I am just repeating what everyone has said, but if you are this unhappy, you need to make it known to your family and/or the administration. However, you won't exact that much change. It is a school that is very set in its ways.


How’d they go all in on inclusion? (Other than pausing on announcing honor roll last year)?


The program for ids with intellectual disabilities was not in place but now those kids are all over social media. There certainly wasn't an inclusion week. Also the Honor Roll was published and a big deal.


Yuck. What a horrible post. You should be ashamed. Good for St. Mary’s and other schools who actually at least try to include all the children in a family who may have varied intellectual abilities.
Anonymous
Respectfully, OP it's LENT - the most holy season of our faith. I went to Catholic Schools in the Northeast (so, not the Arlington Diocese) and going to Mass every Friday, and then during a feast day, and then to Stations weekly during Lent was normal, and to be expected.

With regards to your complaint regarding instructional time - there is actually a lot to be learned by going to mass this frequently - among them patience, the ability to sit still and calm their mind, reverence, humility. These are all characteristics which many modern-day children (and adults) seem to lack lately, but which will serve them well in the long-run. I'd rather they learned and practiced this, than they learned to do busy work.

Finally, if your kid isn't getting the education you would like, that's on YOU. Move them, please. I have multiple kids there. They've all tested, without fail, high on those MAP tests, compared to the national average. And no, they're not naturally geniuses. So, clearly, the kids are learning SOMETHING there, compared to the rest of our nation. If your kids aren't learning enough, by your standards, move them.
Anonymous
Anonymous wrote:Respectfully, OP it's LENT - the most holy season of our faith. I went to Catholic Schools in the Northeast (so, not the Arlington Diocese) and going to Mass every Friday, and then during a feast day, and then to Stations weekly during Lent was normal, and to be expected.

With regards to your complaint regarding instructional time - there is actually a lot to be learned by going to mass this frequently - among them patience, the ability to sit still and calm their mind, reverence, humility. These are all characteristics which many modern-day children (and adults) seem to lack lately, but which will serve them well in the long-run. I'd rather they learned and practiced this, than they learned to do busy work.


Finally, if your kid isn't getting the education you would like, that's on YOU. Move them, please. I have multiple kids there. They've all tested, without fail, high on those MAP tests, compared to the national average. And no, they're not naturally geniuses. So, clearly, the kids are learning SOMETHING there, compared to the rest of our nation. If your kids aren't learning enough, by your standards, move them.

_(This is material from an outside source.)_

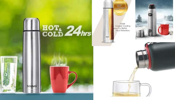 एमेजॉन का इन हाउस ब्रांड Solimo पर भी अच्छा खासा डिस्काउंट है. इसकी कीमत है 1350 रुपये लेकिन डील में मिल रहा है सिर्फ 729 रुपये में. ये एक लीटर का फ्लास्क है प्योर स्टील से बने इस फ्लास्क में भी फ्लिप कैप है. ये किसी भी हॉट या कोल्ड लिक्विड को 24 घंटे तक सेम टेम्परेसचर पर मेंटेन रखता है

As a Protestant whose kids regularly sit through chapel and long church services, I pretty much love the bolded. Saw it in my own peers growing up, even in a time when kids were expected to have longer attention spans than they are today.
Anonymous
This week so far:
Monday - student of month assembly
Tuesday - Military family recognition with popsicles
Wednesday - Walk to Basilica for mass
Thursday - All day Lenten retreat

Instruction time = very very little just throwing a ton of tests at them when they are in the classroom.